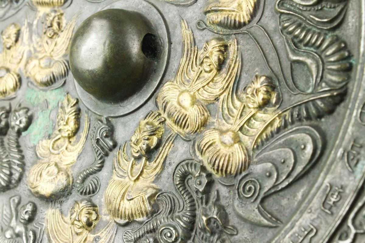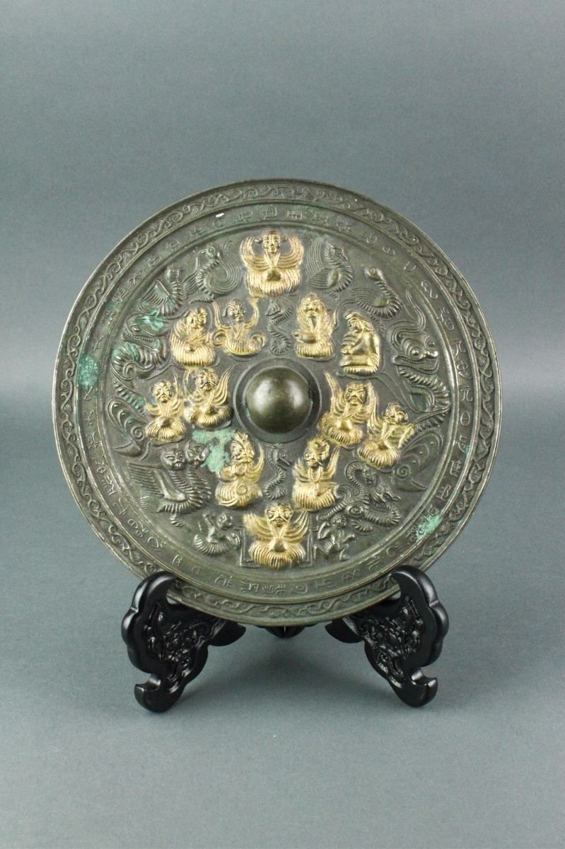 Chinese gilt bronze mirror; of circular form with a knob on front; featuring arhats and mythical beasts in low relief; H: 1 cm, D: 24 cm, 1458 grams
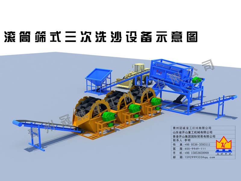每小時80-100m3處理量滾筒篩式三次洗沙設(shè)備流程概述
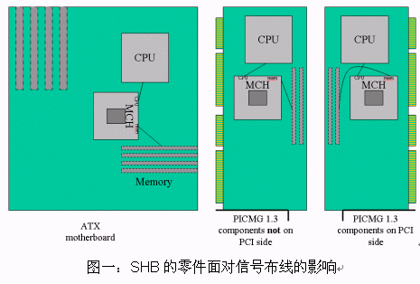 Express卡相反,这一点与PICMG 1.2不同,这样的转变主要源于二个考虑,一是为了使CPU、北桥、与内存接口之间的高速信号线在PCB布线时,走线更为顺畅。如图一所示,如果零件面与PCI
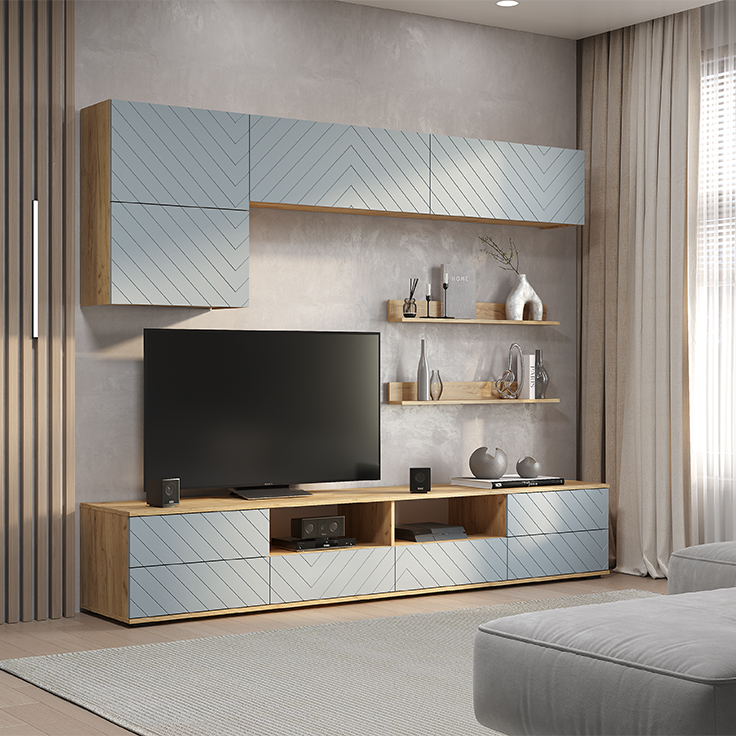 Гостиная «Камелия» - это комплексное решение для уютной гостиной. Разнообразие вместительных зон для хранения позволяет обустроить комфортную зону отдыха. Лаконичный дизайн и нежные оттенки фасадов «шарли пинк» и «шарли бриз» создают атмосферу расслабленности и гармонии. Фрезеровка на фасадах в виде геометрических узоров добавляет динамику в пространство и оживляет его.
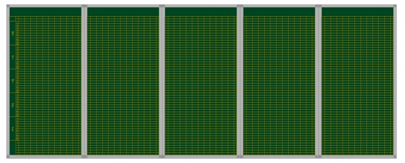 Die Aufteilung der "Start - Anfangsttafel" beginnt links mit einer Tages (Montag bis Freitag)- und einer Stunden-Spalte, anschließend folgen die Klassenspalten nach Anzahl der Klassen (z.B. 10/15 Klassen).

Task requirements —
Set the preceding data down again word for word, omitting images.

Your solution —
 Chinese gilt bronze mirror; of circular form with a knob on front; featuring arhats and mythical beasts in low relief; H: 1 cm, D: 24 cm, 1458 grams
每小時80-100m3處理量滾筒篩式三次洗沙設(shè)備流程概述
 Express卡相反,这一点与PICMG 1.2不同,这样的转变主要源于二个考虑,一是为了使CPU、北桥、与内存接口之间的高速信号线在PCB布线时,走线更为顺畅。如图一所示,如果零件面与PCI
 Гостиная «Камелия» - это комплексное решение для уютной гостиной. Разнообразие вместительных зон для хранения позволяет обустроить комфортную зону отдыха. Лаконичный дизайн и нежные оттенки фасадов «шарли пинк» и «шарли бриз» создают атмосферу расслабленности и гармонии. Фрезеровка на фасадах в виде геометрических узоров добавляет динамику в пространство и оживляет его.
 Die Aufteilung der "Start - Anfangsttafel" beginnt links mit einer Tages (Montag bis Freitag)- und einer Stunden-Spalte, anschließend folgen die Klassenspalten nach Anzahl der Klassen (z.B. 10/15 Klassen).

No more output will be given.